The Alabama legislature has ratified a photo-identification and voucher law that will hinder about 500,000 registered voters, most of whom are people of color, because they lack a state-issued identification such as a driver’s license, identification card issued by the motor vehicle department, or passport.
“It is deeply problematic that Alabama’s secretary of state is trying to resurrect an unconstitutional and illegal relic of the Jim Crow South,” said Ryan P. Haygood, director of the defense fund’s political participation group. “Discriminatory voucher tests, which Congress explicitly banned along with literacy tests when it passed the Voting Rights Act in 1965, has no place in modern-day Alabama.”

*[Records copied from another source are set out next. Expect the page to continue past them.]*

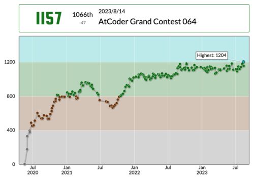2023/5/21に開催されたAtCoder Grand Contest 062に参加しました。 atcoder.jp 未だ緑コーダーの身ゆえ、今回もRatedで参加することはできませんでしたが、Unretedでも参加だけはするという精神で挑みます。 ここ最近のAGCは3回連続0完という、ひどい状態…
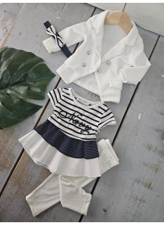 Ensemble bébé chic 4 pièces – Veste élégante, robe rayée, legging & bandeau
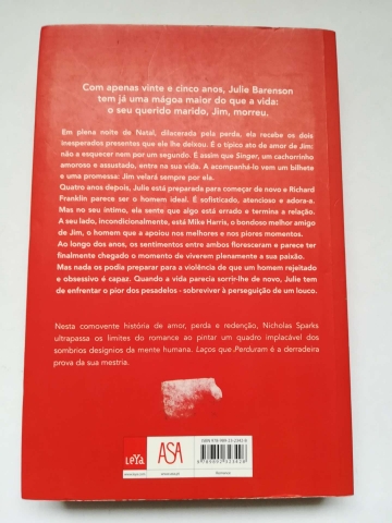 Nesta comovente história de amor, perda e redenção, Nicholas Sparks ultrapassa os limites do romance ao pintar um quadro implacável dos sombrios desígnios da mente humana. Laços que Perduram é a derradeira prova da sua mestria.

The fund sent a letter to Jean Brown, the chief legal adviser to the secretary of state, citing a Reuters poll stating that 37 percent of white people in Alabama have no acquaintances of a different race. Therefore, it is logical to assume that many white officials will not be able to vouch for large number of people of color who do not have photo identification, the letter states.
Deuel Ross, the Fried Frank Fellow at the defense fund, said that Alabama needs to act quickly before the June 3 primary.
“This voucher test is exactly the kind of discriminatory device that the Voting Rights Act was designed to stop and that Section 5 would have prevented were it not for the United States Supreme Court’s devastating decision in Shelby County v. Holder,” Ross said.